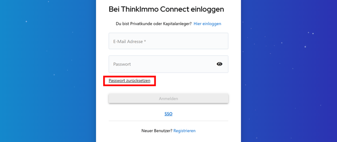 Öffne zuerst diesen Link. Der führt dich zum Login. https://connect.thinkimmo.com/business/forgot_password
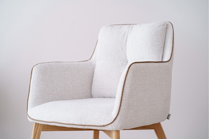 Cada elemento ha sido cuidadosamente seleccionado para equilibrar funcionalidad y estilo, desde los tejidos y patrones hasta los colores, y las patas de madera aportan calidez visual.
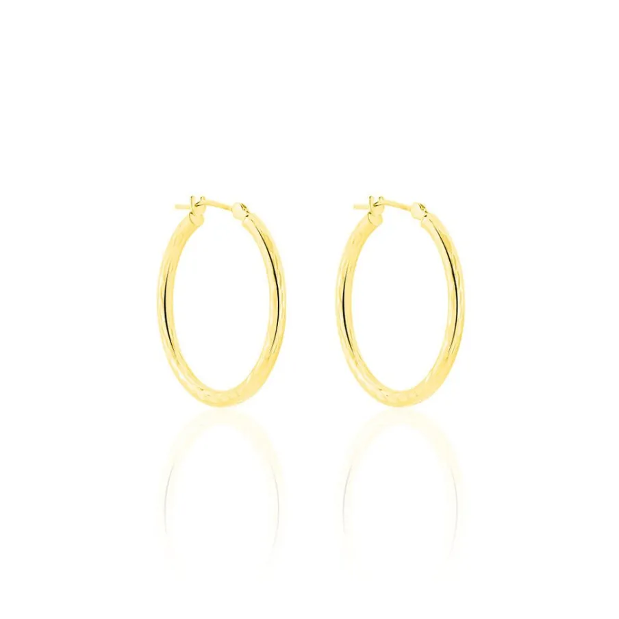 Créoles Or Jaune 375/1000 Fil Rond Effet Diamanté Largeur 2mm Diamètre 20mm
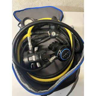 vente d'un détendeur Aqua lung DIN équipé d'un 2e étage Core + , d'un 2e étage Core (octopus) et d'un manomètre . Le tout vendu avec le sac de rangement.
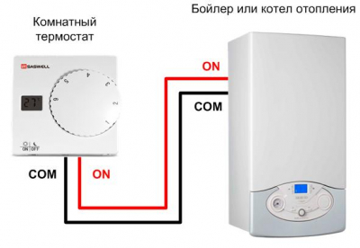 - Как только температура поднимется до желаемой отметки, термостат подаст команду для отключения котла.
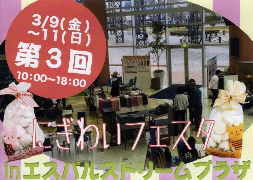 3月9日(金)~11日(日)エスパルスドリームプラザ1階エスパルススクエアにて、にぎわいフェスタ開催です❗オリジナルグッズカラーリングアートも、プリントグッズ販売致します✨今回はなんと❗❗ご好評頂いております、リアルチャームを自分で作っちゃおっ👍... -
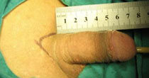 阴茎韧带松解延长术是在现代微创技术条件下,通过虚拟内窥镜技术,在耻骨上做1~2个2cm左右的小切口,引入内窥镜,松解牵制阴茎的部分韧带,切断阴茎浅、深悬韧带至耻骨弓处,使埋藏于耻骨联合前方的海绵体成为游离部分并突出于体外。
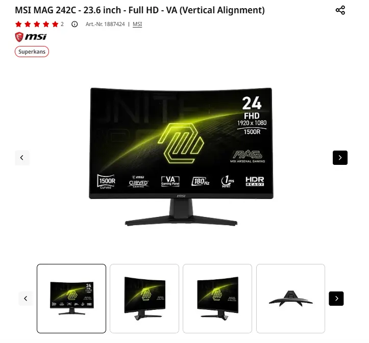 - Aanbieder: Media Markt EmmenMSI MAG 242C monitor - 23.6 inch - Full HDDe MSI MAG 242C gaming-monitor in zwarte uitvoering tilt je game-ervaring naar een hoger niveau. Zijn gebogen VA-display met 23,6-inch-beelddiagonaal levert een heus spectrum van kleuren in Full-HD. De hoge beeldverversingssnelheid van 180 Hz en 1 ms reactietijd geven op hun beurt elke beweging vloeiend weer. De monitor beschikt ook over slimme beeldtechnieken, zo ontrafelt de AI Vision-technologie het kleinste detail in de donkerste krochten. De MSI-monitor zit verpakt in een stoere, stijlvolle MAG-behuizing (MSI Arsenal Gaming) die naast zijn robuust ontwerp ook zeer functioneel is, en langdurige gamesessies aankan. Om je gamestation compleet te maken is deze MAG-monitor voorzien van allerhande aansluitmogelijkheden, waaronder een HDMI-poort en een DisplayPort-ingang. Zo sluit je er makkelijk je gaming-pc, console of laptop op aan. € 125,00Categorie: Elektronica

○ ○ ○ ○

Print the records above exactly, minus pictures.

 Öffne zuerst diesen Link. Der führt dich zum Login. https://connect.thinkimmo.com/business/forgot_password
 Cada elemento ha sido cuidadosamente seleccionado para equilibrar funcionalidad y estilo, desde los tejidos y patrones hasta los colores, y las patas de madera aportan calidez visual.
 Créoles Or Jaune 375/1000 Fil Rond Effet Diamanté Largeur 2mm Diamètre 20mm
 vente d'un détendeur Aqua lung DIN équipé d'un 2e étage Core + , d'un 2e étage Core (octopus) et d'un manomètre . Le tout vendu avec le sac de rangement.
 - Как только температура поднимется до желаемой отметки, термостат подаст команду для отключения котла.
 3月9日(金)~11日(日)エスパルスドリームプラザ1階エスパルススクエアにて、にぎわいフェスタ開催です❗オリジナルグッズカラーリングアートも、プリントグッズ販売致します✨今回はなんと❗❗ご好評頂いております、リアルチャームを自分で作っちゃおっ👍... -
 阴茎韧带松解延长术是在现代微创技术条件下,通过虚拟内窥镜技术,在耻骨上做1~2个2cm左右的小切口,引入内窥镜,松解牵制阴茎的部分韧带,切断阴茎浅、深悬韧带至耻骨弓处,使埋藏于耻骨联合前方的海绵体成为游离部分并突出于体外。
 - Aanbieder: Media Markt EmmenMSI MAG 242C monitor - 23.6 inch - Full HDDe MSI MAG 242C gaming-monitor in zwarte uitvoering tilt je game-ervaring naar een hoger niveau. Zijn gebogen VA-display met 23,6-inch-beelddiagonaal levert een heus spectrum van kleuren in Full-HD. De hoge beeldverversingssnelheid van 180 Hz en 1 ms reactietijd geven op hun beurt elke beweging vloeiend weer. De monitor beschikt ook over slimme beeldtechnieken, zo ontrafelt de AI Vision-technologie het kleinste detail in de donkerste krochten. De MSI-monitor zit verpakt in een stoere, stijlvolle MAG-behuizing (MSI Arsenal Gaming) die naast zijn robuust ontwerp ook zeer functioneel is, en langdurige gamesessies aankan. Om je gamestation compleet te maken is deze MAG-monitor voorzien van allerhande aansluitmogelijkheden, waaronder een HDMI-poort en een DisplayPort-ingang. Zo sluit je er makkelijk je gaming-pc, console of laptop op aan. € 125,00Categorie: Elektronica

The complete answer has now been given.